Data excerpts
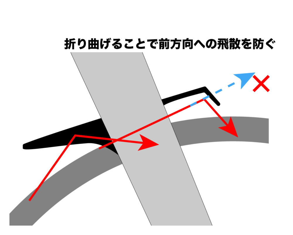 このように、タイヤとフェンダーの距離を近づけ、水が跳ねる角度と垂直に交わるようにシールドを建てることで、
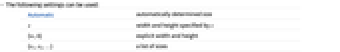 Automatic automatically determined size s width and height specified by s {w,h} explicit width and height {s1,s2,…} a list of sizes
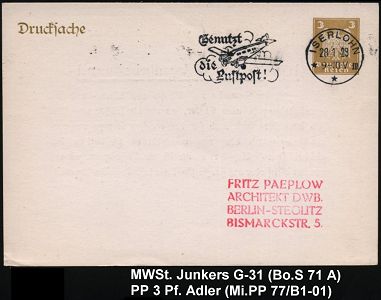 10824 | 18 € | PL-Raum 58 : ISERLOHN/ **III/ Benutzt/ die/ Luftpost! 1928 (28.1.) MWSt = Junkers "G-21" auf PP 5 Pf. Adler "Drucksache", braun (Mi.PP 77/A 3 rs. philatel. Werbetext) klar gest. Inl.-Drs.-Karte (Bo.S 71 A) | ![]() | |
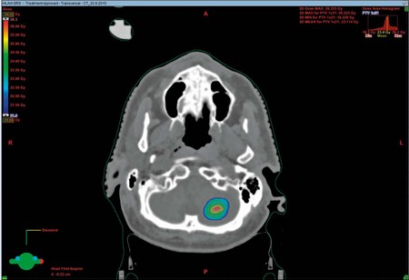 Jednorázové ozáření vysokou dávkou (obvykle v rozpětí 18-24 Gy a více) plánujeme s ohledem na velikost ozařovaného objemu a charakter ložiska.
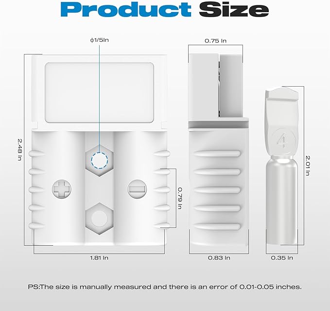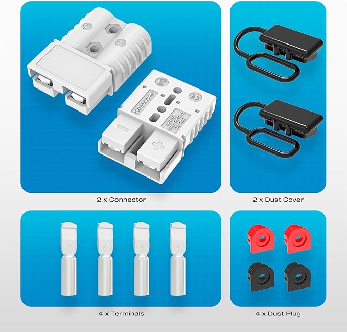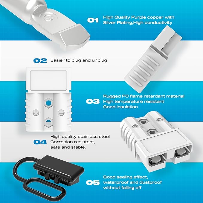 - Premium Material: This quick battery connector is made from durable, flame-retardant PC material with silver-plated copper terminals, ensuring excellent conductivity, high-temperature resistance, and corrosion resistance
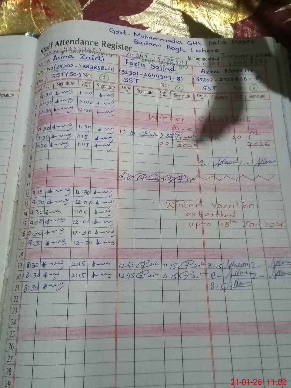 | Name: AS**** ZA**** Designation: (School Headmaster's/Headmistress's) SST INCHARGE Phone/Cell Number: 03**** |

DIRECTIONS FOR THIS TASK: Once the line containing "- Premium Material: This" is found, copy it and each line after it through the end of the entries above exactly; nothing else, and no pictures.

OUTPUT OF THE TASK:
 - Premium Material: This quick battery connector is made from durable, flame-retardant PC material with silver-plated copper terminals, ensuring excellent conductivity, high-temperature resistance, and corrosion resistance
 | Name: AS**** ZA**** Designation: (School Headmaster's/Headmistress's) SST INCHARGE Phone/Cell Number: 03**** |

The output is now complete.